• EXERCISE DIRECTIONS: Pictures excluded, copy all of the data below exactly.

• GIVEN DATA:
+---+

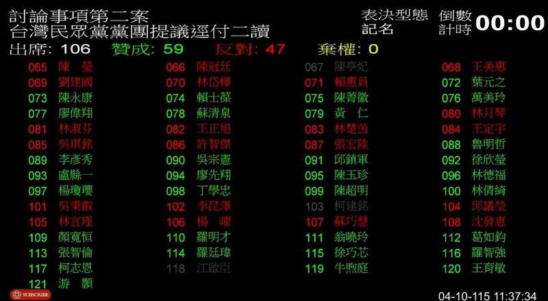 民眾黨團今日提案延長立法院第11屆第5會期至今年7月31日,表決結果,贊成59人、反對47人。(翻攝自臉書)
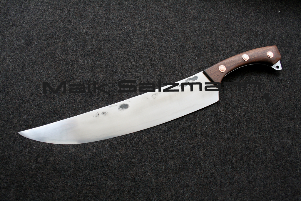Für den Hanon habe ich C 105 im Lehmmantel gehärtet (auf dem unteren Bild besser zu erkennen). Griff aus amerikanischem Nußbaum mit Kupfernieten. Gesamtlänge 370 mm, max Klingenhöhe 44 mm, Grifflänge 125 mm. Gewicht 290 g, Der Schwerpunkt ist in etwa bei meiner Schmiedemarke.
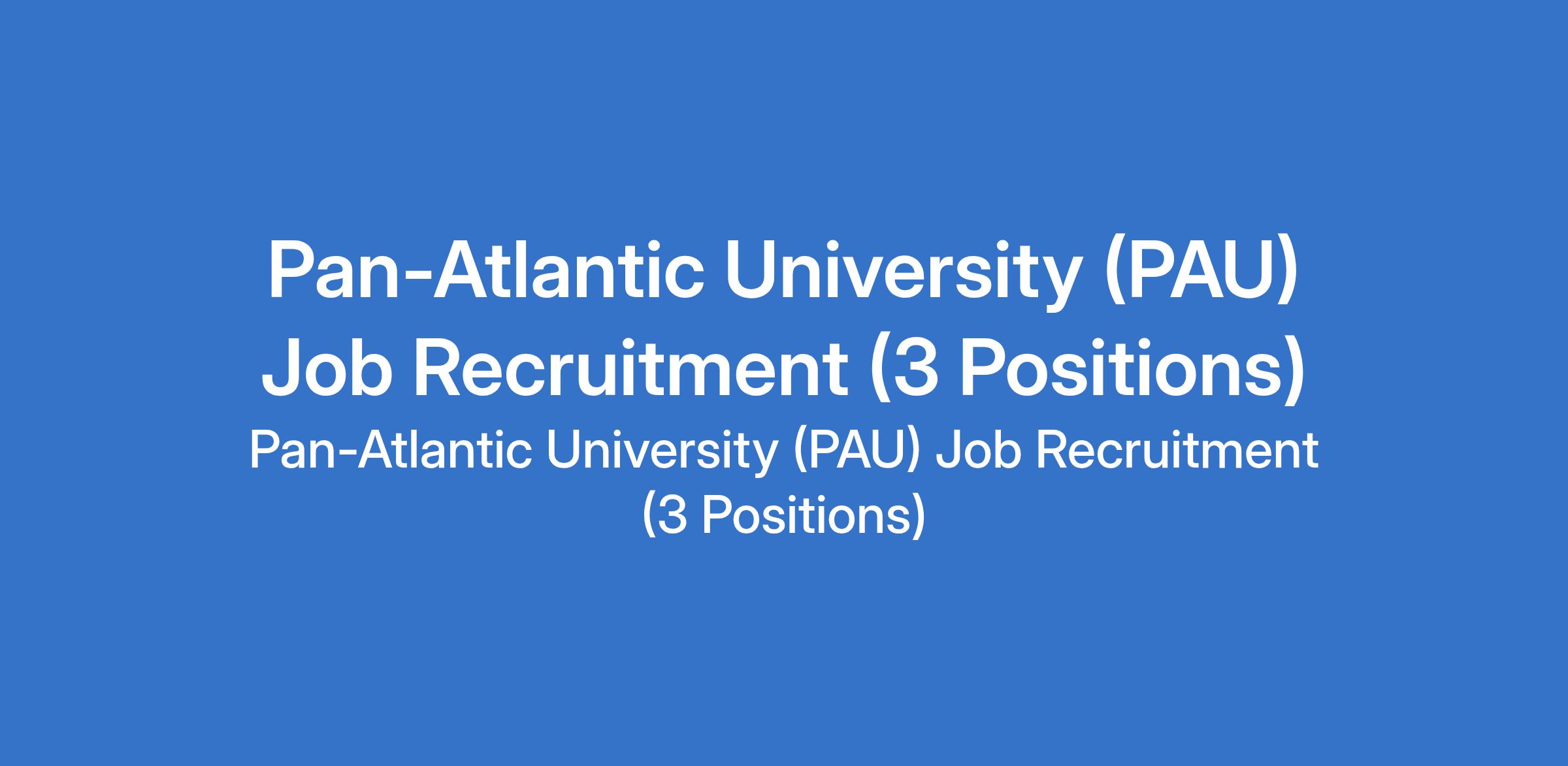 Pan-Atlantic University (PAU) is recruiting suitable candidates to fill the following positions in Lagos State: Monitoring, Evaluation & Learning (MEL) Associate, Communications and Public Relations Specialist, and Visual Media Specialist (Videography & Photography).

+---+

• SOLUTION TO THIS TASK:
 民眾黨團今日提案延長立法院第11屆第5會期至今年7月31日,表決結果,贊成59人、反對47人。(翻攝自臉書)
Für den Hanon habe ich C 105 im Lehmmantel gehärtet (auf dem unteren Bild besser zu erkennen). Griff aus amerikanischem Nußbaum mit Kupfernieten. Gesamtlänge 370 mm, max Klingenhöhe 44 mm, Grifflänge 125 mm. Gewicht 290 g, Der Schwerpunkt ist in etwa bei meiner Schmiedemarke.
 Pan-Atlantic University (PAU) is recruiting suitable candidates to fill the following positions in Lagos State: Monitoring, Evaluation & Learning (MEL) Associate, Communications and Public Relations Specialist, and Visual Media Specialist (Videography & Photography).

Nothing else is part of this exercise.